## YOUR GOAL
Output all of the data exactly, keeping any images out of the copy.

## PROVIDED MATERIAL
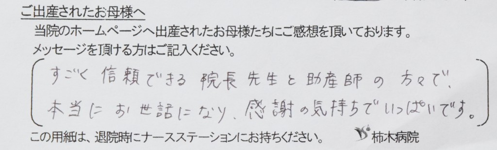 すごく信頼できる院長先生と助産師の方々で、本当にお世話になり、感謝の気持ちでいっぱいです。
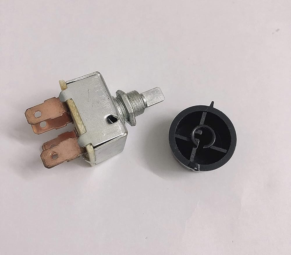 New, universal air conditioner, rotary 3-speed blower switch, with plastic "fan" knob, 5 shovel terminals and 1 / 4 inch (about 0.6 cm) knob shaft. The length of the threaded shaft is about 3 / 8 inch (about 1.9 cm) (the body is about 2.54 cm x 2.54 cm square, and the diameter of the threaded shaft is 2.22 cm
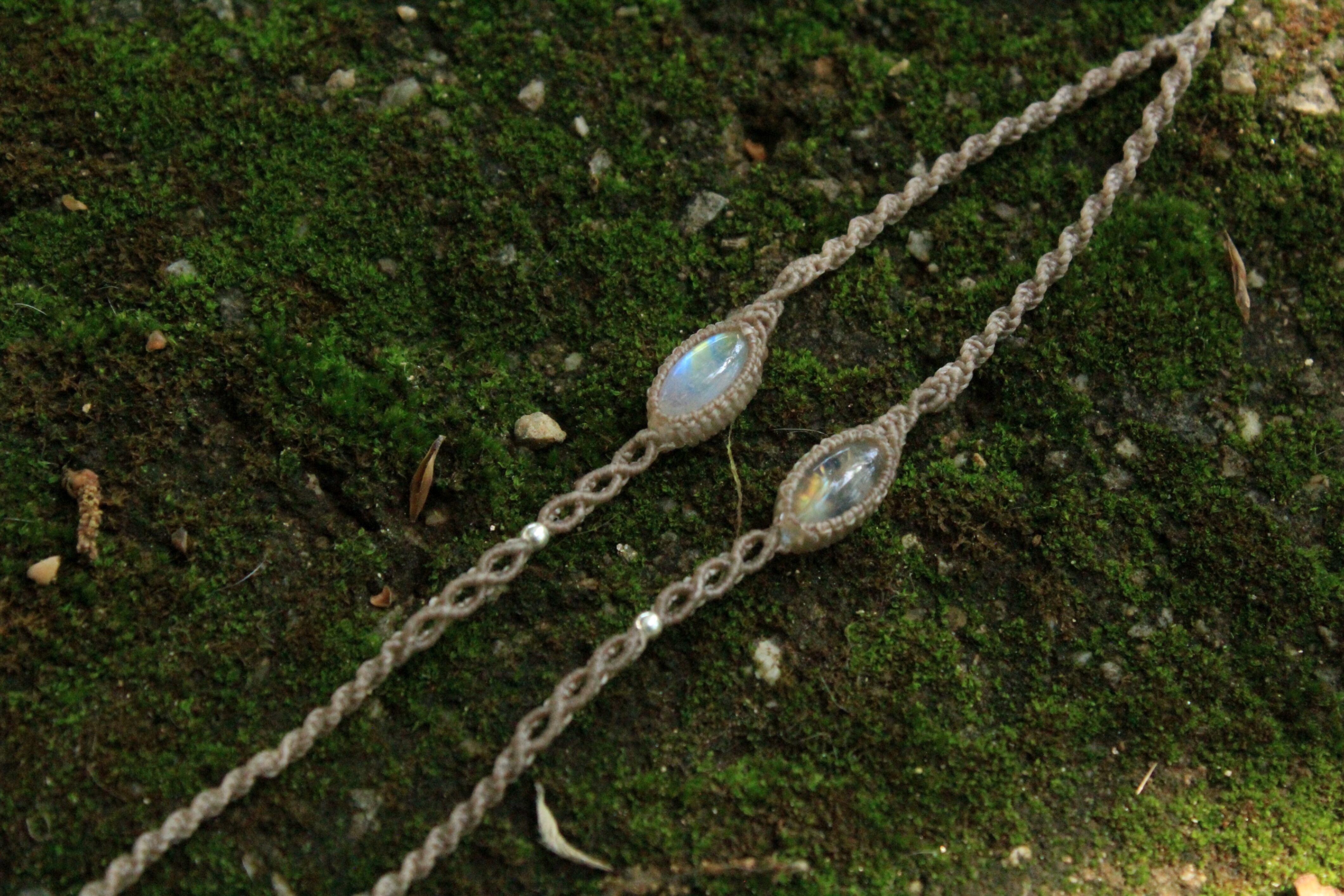 シルバー925ビーズを所々に散りばめて、美しい天然石たちが主役になるように、デザインはシンプルに丁寧に編み上げました。

## SOLUTION FOR THIS EXERCISE
 すごく信頼できる院長先生と助産師の方々で、本当にお世話になり、感謝の気持ちでいっぱいです。
 New, universal air conditioner, rotary 3-speed blower switch, with plastic "fan" knob, 5 shovel terminals and 1 / 4 inch (about 0.6 cm) knob shaft. The length of the threaded shaft is about 3 / 8 inch (about 1.9 cm) (the body is about 2.54 cm x 2.54 cm square, and the diameter of the threaded shaft is 2.22 cm
 シルバー925ビーズを所々に散りばめて、美しい天然石たちが主役になるように、デザインはシンプルに丁寧に編み上げました。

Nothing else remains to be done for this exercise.